最开始RDMA技术是基于InfiniBand的,数据包丢失在此类群集中很少见,因此RDMA Infiniband传输层(在NIC上实现)的重传机制很简陋,即:go-back-N重传,但是现在RDMA的使用更广泛,在其他网络中(如基于以太网的RoCE网络),丢包的概率大于Infiniband集群,一旦丢包,使用RDMA的go-back-N重传机制效率非常低,会大大降低RDMA的传输效率,所以要想发挥出RDMA真正的性能,势必要为RDMA搭建一套不丢包的无损网络环境

早期的经验表明,RoCE NIC只有在不丢包网络上运行时才能取得良好的端到端性能(因为RoCE使用的是go-back-N重传,丢包后果很严重),因此运营商转向以太网优先级流控(PFC)机制

limitations of PFC

【PFC的限制】

PFC(Priority-based Flow Control)是一种粗粒度的机制。其PAUSE机制进行流控的粒度是端口(或端口加优先级)的级别,而没有细化到flow的级别。因此PFC会导致head-of-line blocking (victim flow), unfairnesscongestion-spreading等问题。

我的理解是:PFC的PAUSE机制会ban掉一整条ingress(或该ingress中的某个优先级)上的所有flow

那么什么是基于flow的呢?flow可以理解成ip五元组:<协议类型、源IP地址、目的IP地址、源端口号、目的端口号>,对于TCP来讲就是一条TCP链接。

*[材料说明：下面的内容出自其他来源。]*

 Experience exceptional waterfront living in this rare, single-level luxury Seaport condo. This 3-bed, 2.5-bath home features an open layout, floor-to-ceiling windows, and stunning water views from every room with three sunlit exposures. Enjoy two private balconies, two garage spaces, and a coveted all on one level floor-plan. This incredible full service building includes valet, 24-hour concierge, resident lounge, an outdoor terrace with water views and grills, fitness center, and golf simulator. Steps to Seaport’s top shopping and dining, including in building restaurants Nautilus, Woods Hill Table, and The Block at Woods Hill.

但是一条连接中也可以有多条flow

所以DCQCN、DCTCP乃至TCP这种端到端的CC都可以理解成基于flow的(?)

  • ingress和egress:
    • Ingress - This is used to describe the port where a frame enters the device.
    • Egress - This is used to describe the port that frames will use when leaving the device.

Algorithm

分为三部分:

The DCQCN algorithm consists of the sender (reaction point (RP)), the switch (congestion point (CP)), and the receiver, (notification point (NP)).

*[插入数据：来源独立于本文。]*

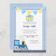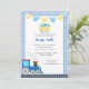 Toy Train Boys Baby shower bleu Invitation pour bébé à être. Customisez avec le nom du bébé et les informations sur la douche. Design possède un train bleu avec de la fumée, des voies ferrées et un arrière - plan à chèques bleus. Invitation de douche parfaite pour bébé garçon.

CP Algorithm: 与DCTCP类似,在egress queue中设置threshold并打上ECN标记

NP Algorithm: 按照一定的规则,生成Congestion Notification Packets (CNP)提醒拥塞发生

RP Algorithm: 按照状态机,对CNP做出反应,控制发送速率

image-20230725172322605

note

【注释】

PFC(Priority based Flow Control)是在交换机入口(ingress port)发起的拥塞管理机制。在通常无拥塞情况下,交换机的入口 buffer 不需要存储数据。当交换机出口(egress port)的 buffer 达到一定的阈值时,交换机的入口 buffer 开始积累,当入口 buffer 达到我们设定的阈值时,交换机入口开始主动的迫使它的上级端口降速。

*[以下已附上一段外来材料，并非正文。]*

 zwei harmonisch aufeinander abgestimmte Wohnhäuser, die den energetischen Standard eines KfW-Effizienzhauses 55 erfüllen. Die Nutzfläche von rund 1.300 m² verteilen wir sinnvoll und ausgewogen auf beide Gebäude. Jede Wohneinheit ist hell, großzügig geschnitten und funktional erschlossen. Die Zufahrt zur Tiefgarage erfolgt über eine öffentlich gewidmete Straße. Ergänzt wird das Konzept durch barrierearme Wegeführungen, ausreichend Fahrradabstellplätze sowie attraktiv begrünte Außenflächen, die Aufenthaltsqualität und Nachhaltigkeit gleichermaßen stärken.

ECN(Explicit Congestion Notification) 是在交换机出口(egress port)发起的拥塞控制机制。当交换机的出口 buffer 达到我们设定的阈值时,交换机会改变数据包头中的 ECN 位来给数据打上 ECN 标签

img

从充分发挥网络高性能转发的角度,我们一般建议==通过调整ECN和PFC的buffer水线让ECN快于PFC触发==,即网络还是持续全速进行数据转发,让服务器主动降低发包速率。如果还不能解决问题,再通过PFC让上游交换机暂停报文发送,虽然整网吞吐性能降低,但是不会产生丢包。

TIMELY: RTT-based Congestion Control for the Datacenter

【==TIMELY好像没提怎么应对delayed-ACK?==】

We also measure the minimum RTT sample in every round, as prior work has found it to be a robust descriptor untainted by delayed ACKs and send/receive offload schemes.

Abstract

  • simple packet delay, measured as round-trip times at hosts, is an effective congestion signal without the need for switch feedback.

    逐包延迟是有效的拥塞信号,同时也不需要交换机的反馈

  • these RTTs are sufficient to estimate switch queueing

    RTT足以用来估计交换机的队列

  • TIMELY is the first delay-based congestion control protocol for use in the datacenter, and it achieves its results despite having an order of magnitude fewer RTT signals (due to NIC
    offload) than earlier delay-based schemes such as Vegas.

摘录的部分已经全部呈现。